Variation in how frequently caregivers engage with their children is associated with variation in children's later language outcomes. One explanation for this link is that caregivers use both verbal behaviors, such as labels, and non-verbal behaviors, such as gestures, to help children establish reference to objects or events in the world. However, few studies have directly explored whether language outcomes are more strongly associated with referential behaviors that are expressed verbally, such as labels, or non-verbally, such as gestures, or whether both are equally predictive. Here, we observed caregivers from 42 Spanish-speaking families in the US engage with their 18-month-old children during 5-min lab-based, play sessions. Children's language processing speed and vocabulary size were assessed when children were 25 months. Bayesian model comparisons assessed the extent to which the frequencies of caregivers’ referential labels, referential gestures, or labels and gestures together, were more strongly associated with children's language outcomes than a model with caregiver total words, or overall talkativeness. The best-fitting models showed that children who heard more referential labels at 18 months were faster in language processing and had larger vocabularies at 25 months. Models including gestures, or labels and gestures together, showed weaker fits to the data. Caregivers’ total words predicted children's language processing speed, but predicted vocabulary size less well. These results suggest that the frequency with which caregivers of 18-month-old children use referential labels, more so than referential gestures, is a critical feature of caregiver verbal engagement that contributes to language processing development and vocabulary growth.

Research Highlights

  • We examined the frequency of referential communicative behaviors, via labels and/or gestures, produced by caregivers during a 5-min play interaction with their 18-month-old children.

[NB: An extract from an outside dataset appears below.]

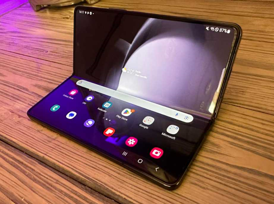 The Samsung Galaxy Z Fold5 stands on a table. What changes will the company unveil for the Galaxy Z Fold6? (Photo by Christoph Dernbach/picture alliance via Getty Images) (dpa/picture alliance via Getty I)

  • We assessed predictive relations between labels, gestures, their combination, as well as total words spoken, and children's processing speed and vocabulary growth at 25 months.
  • Bayesian model comparisons showed that caregivers’ referential labels at 18 months best predicted both 25-month vocabulary measures, although total words also predicted later processing speed.
  • Frequent use of referential labels by caregivers, more so than referential gestures, is a critical feature of communicative behavior that supports children's later vocabulary learning.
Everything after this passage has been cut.